Tuesday, February 7, 2012

Zona



Geoff Dyer
Zona

Canongate Books, 2012

240 pages about Tarkovsky's film "Stalker". Simultaneously, it’s memoirs, essays about everything, film history analysis, travelogue, but at the same time, not a collection of all the above, but something still not hasn’t been seen before. A novel about the film. Or this: a novel around the film. A new kind of film criticism. That you can write about a movie like that, everyone seems to understand since the birth of cinema, but nobody, however, hasn’t thought that it is still possible. Shot by shot analysis of the film, which was originally conceived as a film shot by one shot, but it’s a literature analysis. The transmission of each shot through the prism of your own "self."

The book begins as, in fact, the film does: with a description of the bar, where a visitor enters to. After that, Dyer suddenly jumps to a description of the phenomenon of the Zone, a place where the meteorite fell. And then Dyer jumps next, comparing Tarkovsky and Antonioni. These three very different fragments give an idea of the three main vectors of the book: Meditation and a retelling of what is happening in "Stalker", an essay on the abstract theme, inspired by the film; cinematic analysis of the film and its connection with European cinema in general. It is difficult to believe that 250-page book about a film can be read at one, but it is.

The excitement of "Zona" lays in a good composition of the three main components. The author does not go too far in favor of one of these components. Analysis of film history is replaced by inserting memoir, memoir by retelling of the film, it in turn by an essay, for example, on the topic of labor camps, and essays - by the story of the filming of "Stalker". Dyer juggles these components, entertaining the reader, but "entertaining" is not quite the right word.
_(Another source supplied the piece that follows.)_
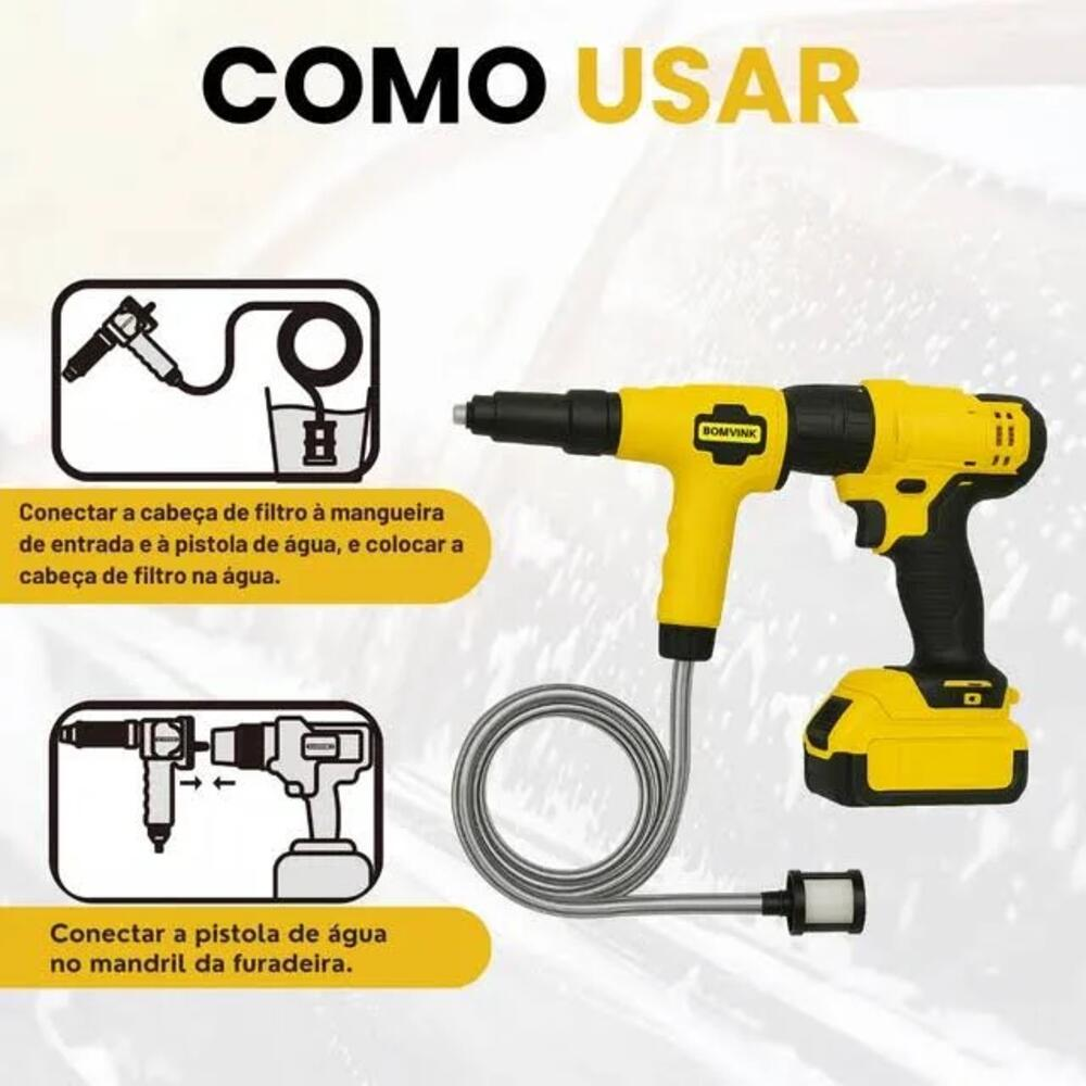 O Adaptador de Lavadora para Parafusadeira BOM-7976 Bomvink é a solução ideal para quem busca praticidade e economia na hora da limpeza. Compatível com parafusadeiras elétricas ou a bateria, ele permite utilizar a força do equipamento para gerar pressão de água, tornando a lavagem muito mais eficiente.

Dyer is still not a street circus and not a clown who uses tricks, and hard to find entertainment, once again, in a 250-page book about a film. However, Dyer manages to entertain with no very easy material. Dyer tries on different masks - what the reader will be closer to. To film lovers Dyer offers a deep analysis of the effect of "Stalker" on other films of that time (and the movies of our contemporaries), the intersection between all the films of Tarkovsky, the history of film. For fans of Tarkovsky Dyer offers reflections on the incarnation of Tarkovsky in the form of Stalker, on Tarkovsky-man and Tarkovsky-director. To a simple reader Dyer appears in the image of the swell guy: he jokes about group sex, drinking at the bar, the writers' craft and a backpack as a gift. All jokes, it should be noted, are funny, intelligent cast, and some flow in or derived from clever and subtle reflections on life.

His knowledge of the topic Dyer shows in copiously sprinkled throughout the book footnotes. Recently, I have not seen a non-academic book, which would have at least one footnote. Footnote here can take four pages, and some are a couple of paragraphs long.

Do you need to see "Stalker" before reading this book? For example, I have not seen it, but it does not interfere with the perception of the book, because "Zona" is also a novel. Dyer describes the film shot by shot: the picture appears before the eye of the reader.
The final of the book is in a particularly striking. Dyer seamlessly replaces a book about the film to a book about human desires. The room where wishes come true, remains for the stalker - and for the author - unattained.

The only flaw of this book, perhaps, is that the Strugatsky brothers, on whose novel "Roadside Picnic" was written the screenplay, had been just left on the roadside. The film, of course, is very different from the book. All the sci-fi components had been removed from the screebplay. And yes, this book is about Tarkovsky and "Stalker" and not about Boris and Arkady Strugatsky, but I still feel the injustice, because the immediate source was left beyond the scope of the book.

In general, it is clever and profound book - and in many ways unique.